You can see that the quality degrades as expected initially, but then the signal disappears, either because of an extension of the general degradation or because some external factor blocked the imaging, and the sequencer starts to call G bases, the quality rises again.

The big issue this cases is that most trimming systems assume that quality loss is progressive from the 5′ end of a read to the 3′, so when deciding where to quality trim a read they start at the 3′ end and work back towards the 5′ until good quality sequence is detected. In the types of read shown above the read will not be trimmed because the most 3′ sequence is high quality, so incorrect base calls will remain which will adversely affect the downstream analysis of this data.

Mitigation and Prevention

There are a few potential strategies for fixing this problem and some of the symptoms will be easier than others. For unprimed reads which are completely polyG then these will probably not affect downstream analyses other than triggering QC alerts, so will have less of an impact once people are aware of their source. For the progressive quality loss the need for a solution is more pressing. Illumina already have a system in place which artificially downweights the quality scores for reads whose quality dips below a certain level.
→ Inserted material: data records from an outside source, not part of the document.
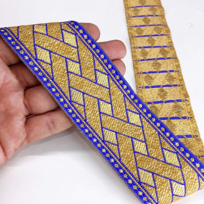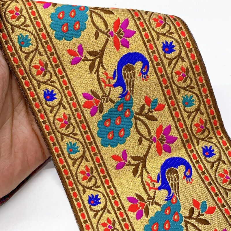 95mm Designer Golden Zari Banarasi Jacquard Lace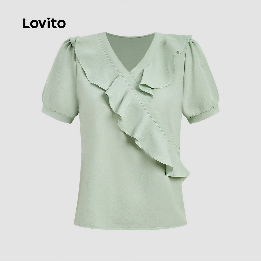✅DESTAQUES -❤️Assimétrico -❤️Babado -❤️Macio e confortável -❤️Primavera e verão ✅DESCRIÇÕES Estampa / Padrão:Plain Estilo:Casual Tamanho Plus:No Material:Poliéster Composição:95%Polyester+5%Spandex Tipo de modelagem:Regular Fit Transparência:No Esticar:Non-stretch Feito na China ✅O PACOTE INCLUI 1XBlusa ✅INTRODUÇÃO LOVITO A Lovito é uma marca em crescimento que acredita no poder das meninas. Estamos comprometidos em oferecer opções de roupas fashion e acessíveis, para todos os estilos, necessidades e identidades. Acreditamos que a moda deve ser divertida, liberadora e fazer você se sentir incrível. Afinal, o melhor acessório para qualquer look é a autoconfiança! ✅NOTAS DE COMPRA Antes de comprar, dê uma olhadinha na tabela de medidas disponível no site. Lembre-se de que, por serem feitas manualmente, as medidas podem variar de 1 a 2 cm. As cores dos produtos também podem ter pequenas diferenças em relação às fotos, dependendo da iluminação e das configurações do seu dispositivo. Siga nossa loja e conheça novos itens e as melhores ofertas para você!! Se você tiver alguma dúvida, converse conosco e responderemos o mais rápido possível.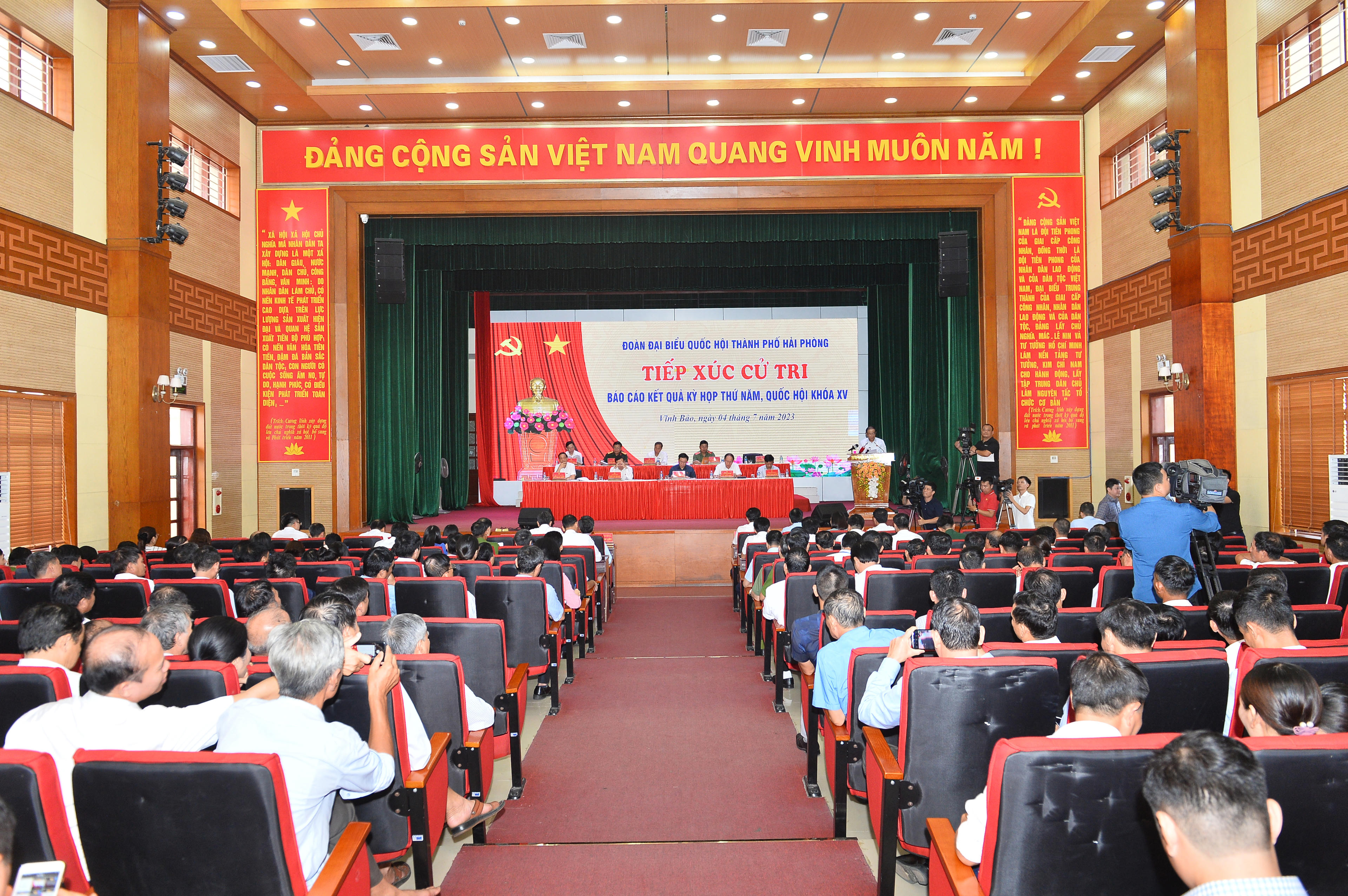Tại cuộc tiếp xúc, cử tri huyện Vĩnh Bảo bày tỏ vui mừng trước kết quả rất thành công của kỳ họp. Công tác chuẩn bị kỳ họp được chuẩn bị chu đáo, kỹ lưỡng, công phu nên các văn bản, báo cáo được trình bày có chất lượng rất cao. Số ĐBQH đăng ký thảo luận, chất vấn, tranh luận đạt kỷ lục, cho thấy không khí dân chủ trong nghị trường thể hiện rất rõ. Các đại biểu đã rất đề cao trách nhiệm, tâm huyết và thẳng thắn. Các nội dung Quốc hội lựa chọn chất vấn đúng tâm tư, nguyện vọng của cử tri, nhân dân.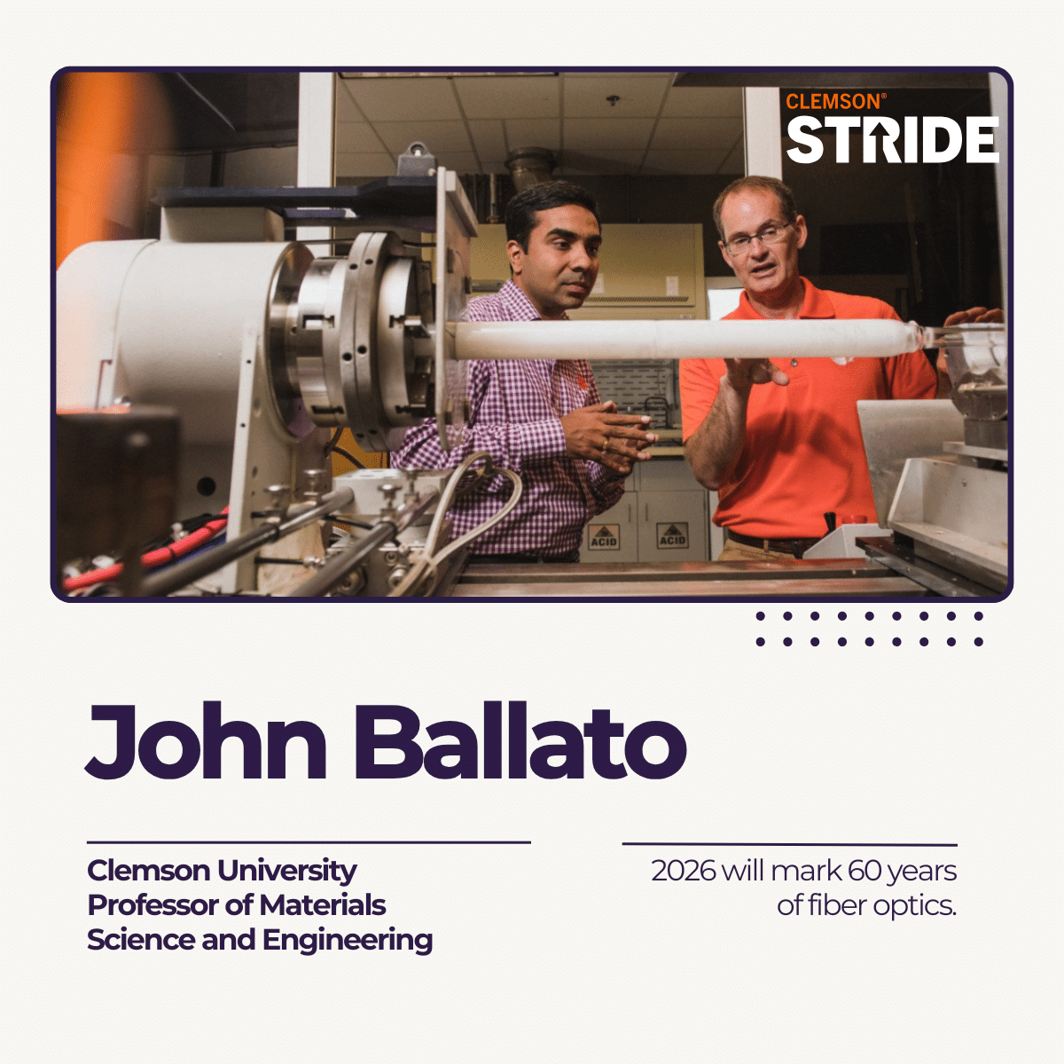 Clemson University- STRIDE’s Principal Investigator John Ballato has dedicated over 30 years to the field of fiber optics and was recently featured in Clemson University News to share his expertise on the technology.

It seems likely that they should be able to adapt their calling software to recognise reads where quality dips to be replaced with high quality poly-G and then artificially downweight the quality scores for the remainder of the read. This same case can probably also be tacked by the authors of trimming programs where they might, for example, provide and option to exempt G calls from the assessment of quality and to trim 3′ Gs from reads as a matter of course.

Lessons Learnt

You can’t always trust the quality scores coming from sequencers, and if you see odd sequences in your libraries it’s worth investigating them as they may unearth a deeper problem.